**EXERCISE INSTRUCTIONS:**
Reproduce the listing below exactly, except for its pictures.

**DATA PROVIDED:**
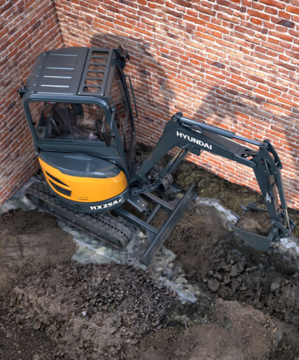 Med et kompakt design uden bagende-sving og en lav vægt på 2610 kg kan HX25A Z nemt transporteres på enhver lille trailer sammen med en hurtigkobling og 3 skovle uden at overskride den lovmæssige vægtgrænse.
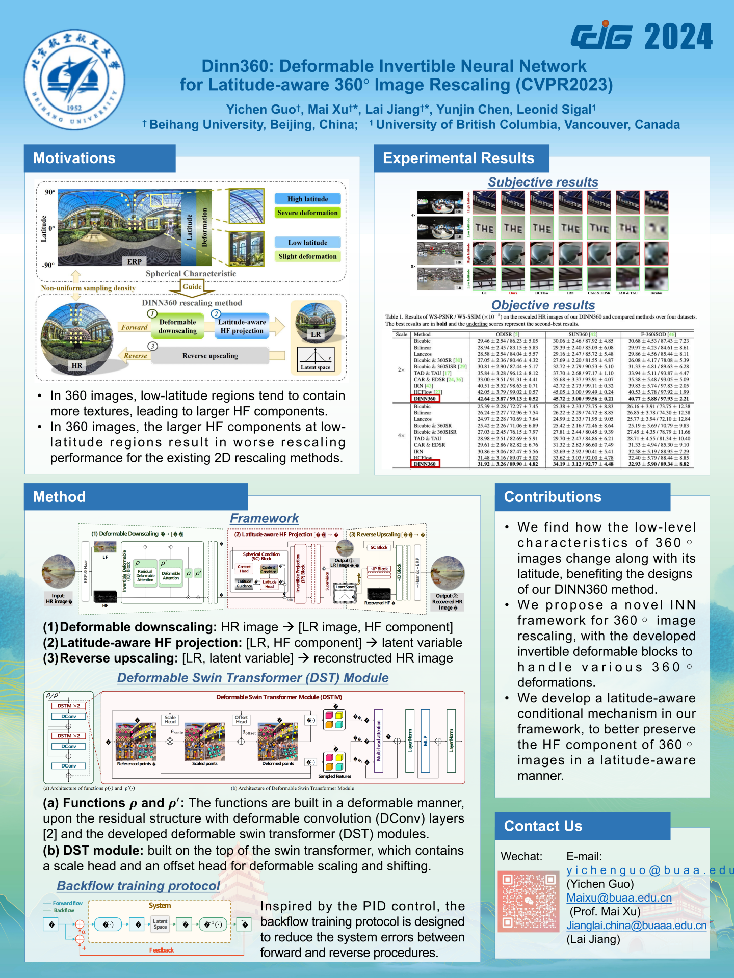 | P108 | DINN360: Deformable Invertible Neural Network for Latitude-aware 360◦ Image Rescaling | 郭苡辰,徐迈,蒋铼,Leonid Sigal,陈韵锦 | CVPR | 查看 |
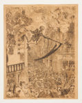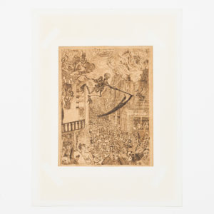 JAMES ENSOR (1860-1949) Eau-forte et pointe sèche sur Japon. Signée dans la plaque. Montée aux quatre coins sous passe-partout. Feuille brunie.
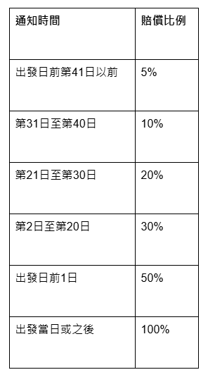 基隆律師 吳恆輝說明,根據行政院核定、交通部觀光署公告之《國外旅遊定型化契約應記載及不得記載事項》,若因旅行社單方面取消行程,應按通知旅客時間的早晚賠償旅遊費用的一定比例作為違約金。其標準如下:
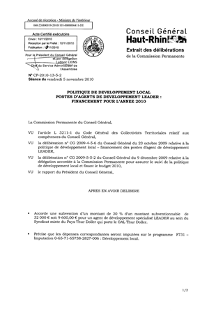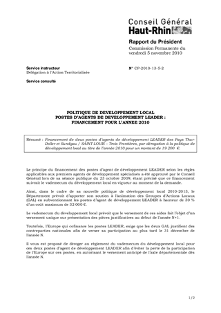 POLITIQUE DE DEVELOPPEMENT LOCALPOSTES D’AGENTS DE DEVELOPPEMENT LEADER : FINANCEMENT POUR L’ANNEE 2010
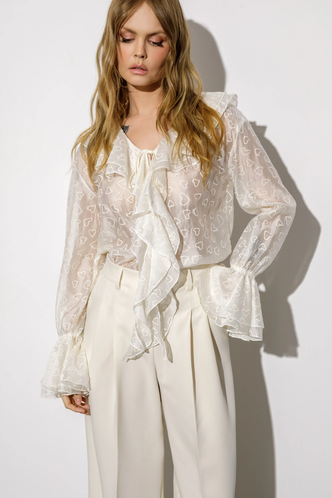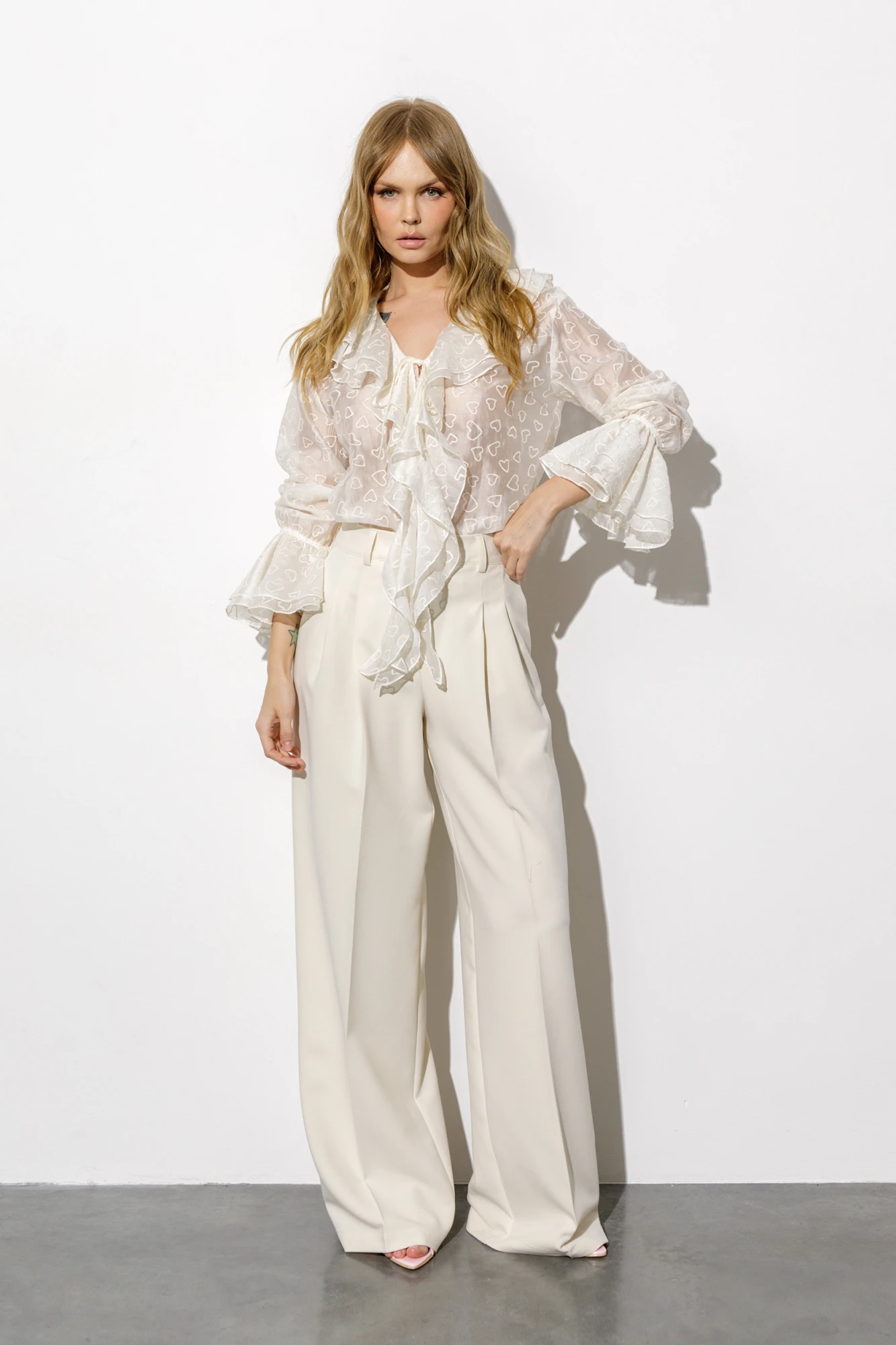 Детали: блуза прямого силуэта, V-образный вырез горловины, воротник-волан, низ рукавов на эластичной тесьме с воланами, завязки по переду. Брюки с притачным поясом со шлевками, складки у пояса, застежка на молнию и пуговицу, боковые карманы, заутюженные стрелки. Задние части брюк с вытачками и имитацией карманов.
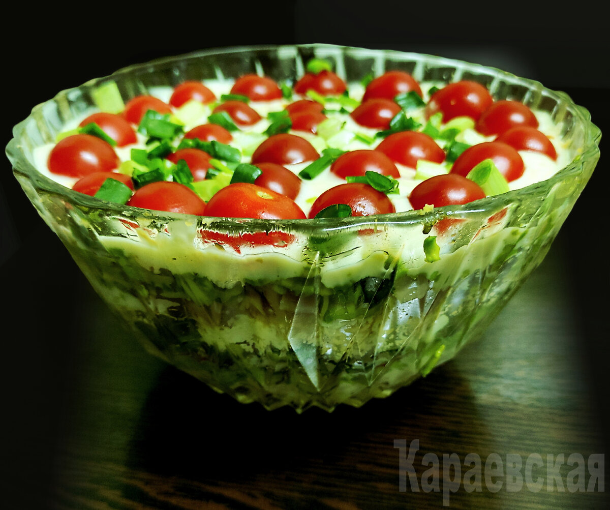Этот простой и изысканный салат порадует вас своей свежестью и ярким вкусом. Слоеная структура позволяет сочетать различные текстуры и ароматы, а доступность ингредиентов делает его идеальным блюдом для любого случая.
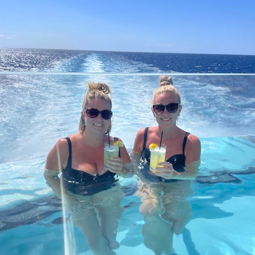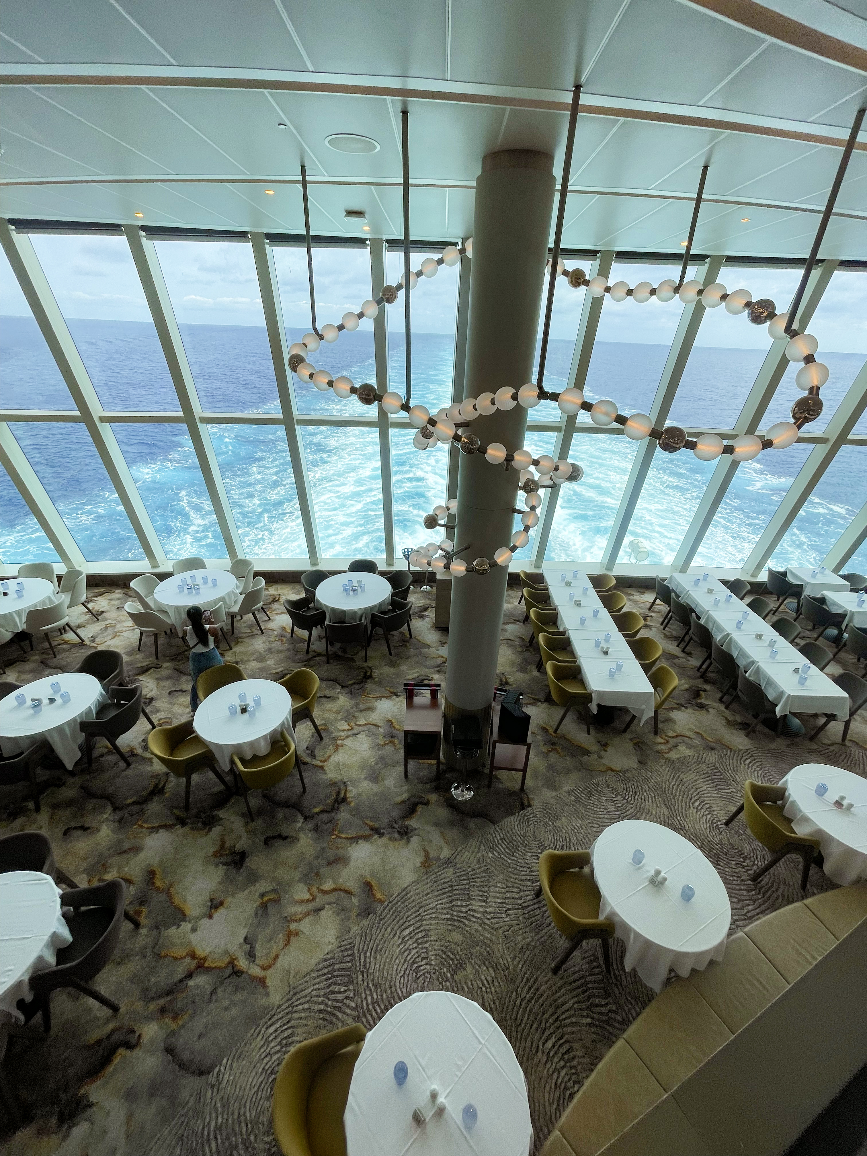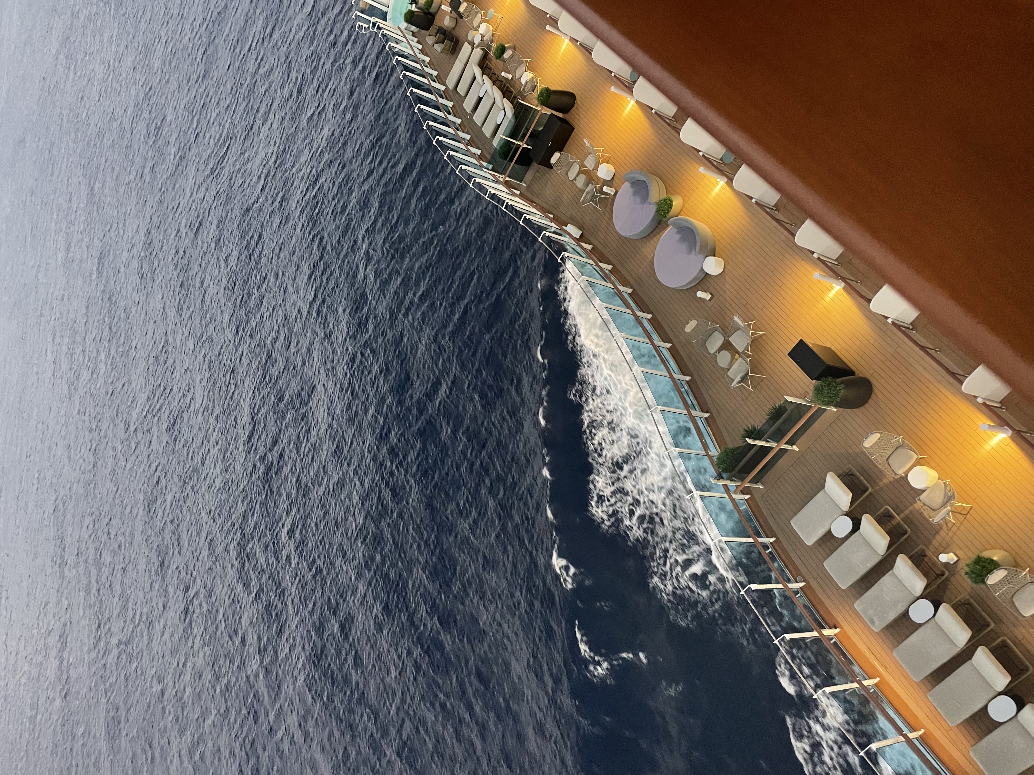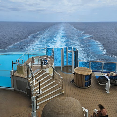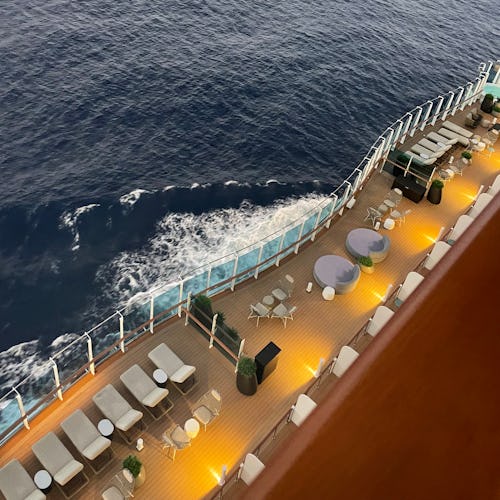Et af vores yndlingssteder ombord var Wake View Terrace, som ligger helt agter på skibet. Her finder man en hyggelig bar og en smuk infinitypool med den mest fantastiske panoramaudsigt over havet.

**OUTPUT OF THE TASK:**
 Med et kompakt design uden bagende-sving og en lav vægt på 2610 kg kan HX25A Z nemt transporteres på enhver lille trailer sammen med en hurtigkobling og 3 skovle uden at overskride den lovmæssige vægtgrænse.
 | P108 | DINN360: Deformable Invertible Neural Network for Latitude-aware 360◦ Image Rescaling | 郭苡辰,徐迈,蒋铼,Leonid Sigal,陈韵锦 | CVPR | 查看 |
 JAMES ENSOR (1860-1949) Eau-forte et pointe sèche sur Japon. Signée dans la plaque. Montée aux quatre coins sous passe-partout. Feuille brunie.
 基隆律師 吳恆輝說明,根據行政院核定、交通部觀光署公告之《國外旅遊定型化契約應記載及不得記載事項》,若因旅行社單方面取消行程,應按通知旅客時間的早晚賠償旅遊費用的一定比例作為違約金。其標準如下:
 POLITIQUE DE DEVELOPPEMENT LOCALPOSTES D’AGENTS DE DEVELOPPEMENT LEADER : FINANCEMENT POUR L’ANNEE 2010
 Детали: блуза прямого силуэта, V-образный вырез горловины, воротник-волан, низ рукавов на эластичной тесьме с воланами, завязки по переду. Брюки с притачным поясом со шлевками, складки у пояса, застежка на молнию и пуговицу, боковые карманы, заутюженные стрелки. Задние части брюк с вытачками и имитацией карманов.
Этот простой и изысканный салат порадует вас своей свежестью и ярким вкусом. Слоеная структура позволяет сочетать различные текстуры и ароматы, а доступность ингредиентов делает его идеальным блюдом для любого случая.
Et af vores yndlingssteder ombord var Wake View Terrace, som ligger helt agter på skibet. Her finder man en hyggelig bar og en smuk infinitypool med den mest fantastiske panoramaudsigt over havet.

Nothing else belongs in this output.